By contrast, we observed only a single ADP-bound subunit (M5, Figure 1C, Figure 6—figure supplement 1C). At the M5-M6 interface, as described in detail in Figure 5, the arginine fingers sense ATP hydrolysis and results in the loss of rigidity in the WD motif, which leads to the melting of the NCL. As observed for the M5-M6 interface in Vps4, the position of the ISS remains unchanged from the ATP-bound interface, with a leucine (valine in Vps4, and phenylalanine in Yme1) stably inserted into M6 (Figure 6—figure supplement 1F and I). Rather, it is the NCL (i.e. the short loop insertion that follows the ISS) that undergoes significant conformational changes (Figure 6—figure supplement 1I, Figure 5) that weaken the M6-M5 interaction and prepare the terminal M6 for its departure from the spiral assembly. In other words, our structure captured a novel state not present in other reported AAA protein structures, in which the terminal subunit M6 becomes predisposed for translocation by the melting of the NCL. Sequence alignment shows that the length of the NCL varies across Msp1 homologs, as well as among other AAAMC proteins (Figure 1—figure supplements 1 and 2). The C. thermophilum Msp1 used in this study has a long NCL, as well as the mammalian ATAD1, katanin and spastin, whereas the S. cerevisiae Msp1 and Vps4 both have short ones. As described above, the short loop that follows the ISS in Vps4 is not able to respond to nucleotide-state change at the M5-M6 interface the same way as in the C. thermophilum Msp1, and the short loop that follows the ISS is also too short to contact its neighbor (Figure 6—figure supplement 1H). Therefore, it is likely that the nucleotide state-dependent conformational change observed in our structures require an NCL long enough to touch the counter-clockwise adjacent subunit, and our structures could serve as a model for the mammalian ATAD1 and similar AAAMC proteins like katanin. We noticed that the W in the WD motif is strictly conserved in Msp1/ATAD1 (Figure 1—figure supplement 2), but variable in the AAAMC family, suggesting that Msp1 might have evolved this additional sensing mechanism to enhance the coupling between the nucleotide state and the movement of the subunit.

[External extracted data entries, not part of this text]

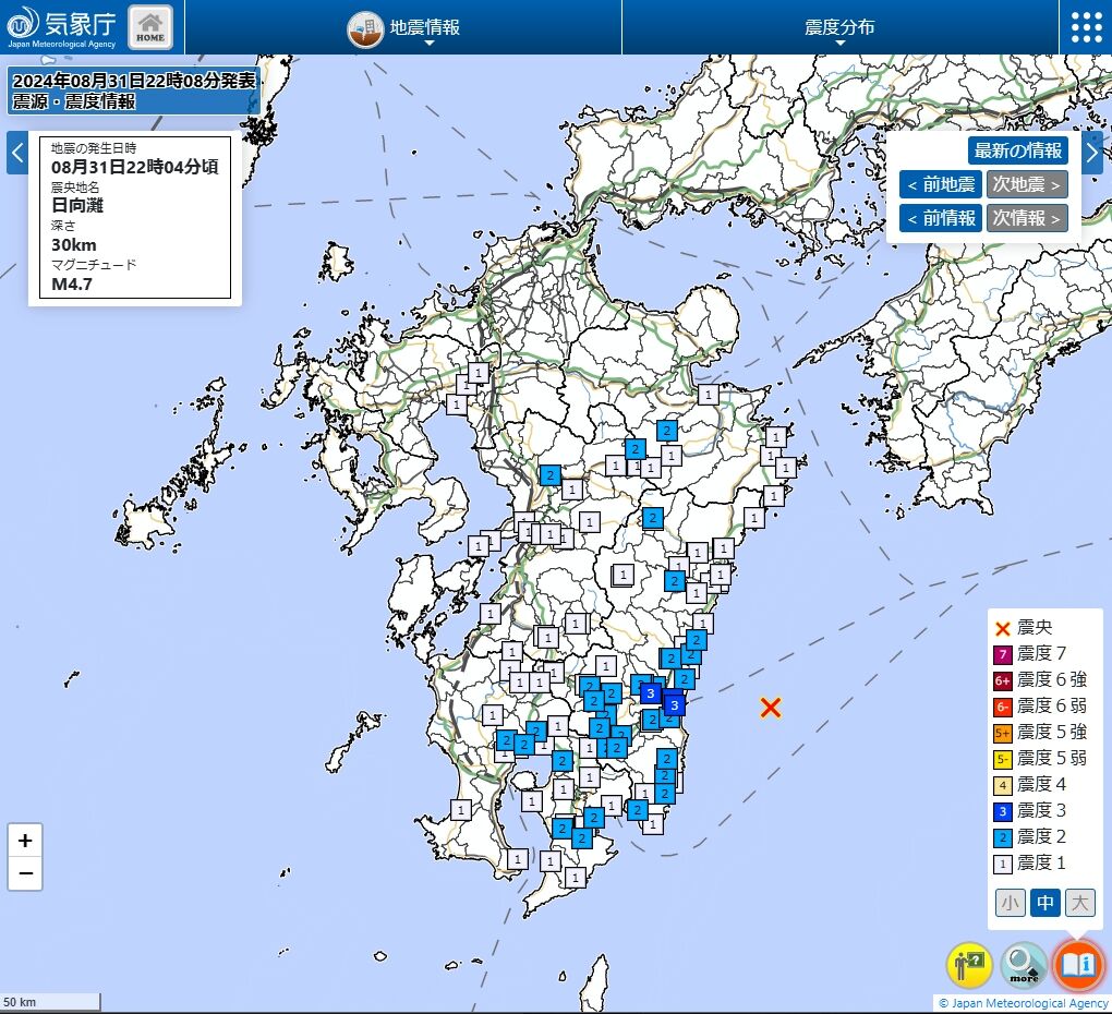 これだ宮崎で震度3 // 地震情報 - Yahoo!天気・災害https://t.co/2kPc1wufsS pic.twitter.com/v8DyIiZEx0August 31, 2024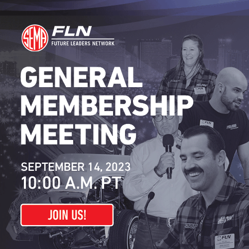 The SEMA Future Leaders Network (FLN) is hosting an online General Membership Meeting on Thursday, September 14, at 10:00 a.m. PDT.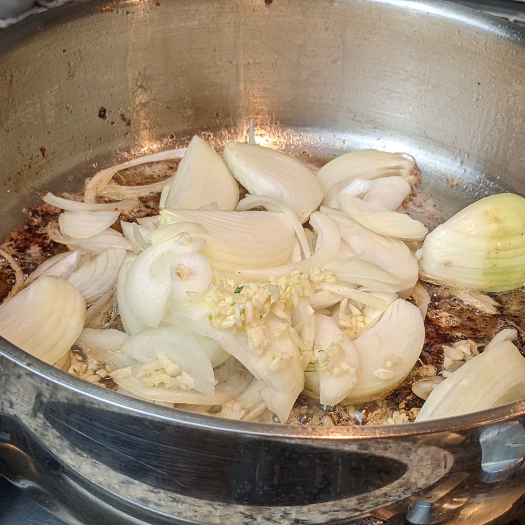 Add onions and garlic to pan, cook until onions are soft, about 3 to 5 minutes. Adjust the heat if onions are browning to fast.
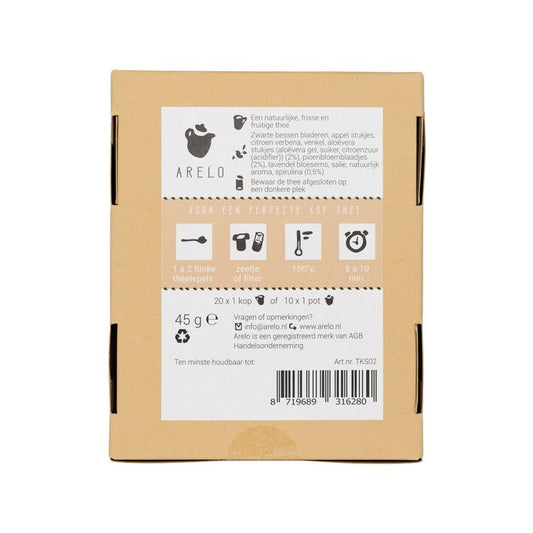 Een verfrissende en fruitige kruidenthee met veel ontgiftende ingrediënten zoals zwarte bes, salie en aloëvera. Start je dag goed en vol energie. Geef jezelf een gezondheid boost met deze heerlijke kruidenmelange.
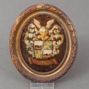 Ovaal lijstje met een heraldisch wapen: twee kwartieren met vissen en twee kwartieren met leeuwen, daaronder het opschrift 'Pieter de Sel', olieverf op tin, 19e eeuw -beetje verfverlies-, 10 × 8 cm

The WD motif and NCL-mediated intersubunit communication is a unique feature that differs from what has been observed for AAA proteins. The recently published structure of Yme1 suggested a mechanism by which the ISS-mediated refolding of an α−helix and subsequent retraction of the pore-loops allosterically transmits information regarding the nucleotide state to the central pore. An alternative mechanism has been proposed for spastin (Sandate et al., 2019) where the ISS does not seem to engage in the intersubunit communication but, rather, an electrostatic network may connect the nucleotide-binding pocket to the central pore. To assess whether Msp1 could use a combination of these mechanisms in addition to the NCL, we compared the conformation of Msp1’s ISS at multiple intersubunit interfaces. We did not observe the refolding of the α−helix that proceeds the ISS at the M5-M6 (ADP- bound) interface. The quality of the map at the M1-M6 (apo) interface is not sufficient to conclude whether a helix refolding event took place (Figure 6—figure supplement 2). Likewise, we also did not observe a significant conformational change of pore-loop 3 (which is the main component of the electrostatic network that connects the nucleotide binding pocket and the substrate-interacting pore-loops) (Figure 3—figure supplement 2), indicating that it is insensitive to the change in the nucleotide states. Rather, as mentioned above, the structures supports the hypothesis that pore-loops 3 help form an interconnected network to enable pore-loops 2 to sense the position of the subunit (Figure 3C) and help initiate the upward translocation of M6.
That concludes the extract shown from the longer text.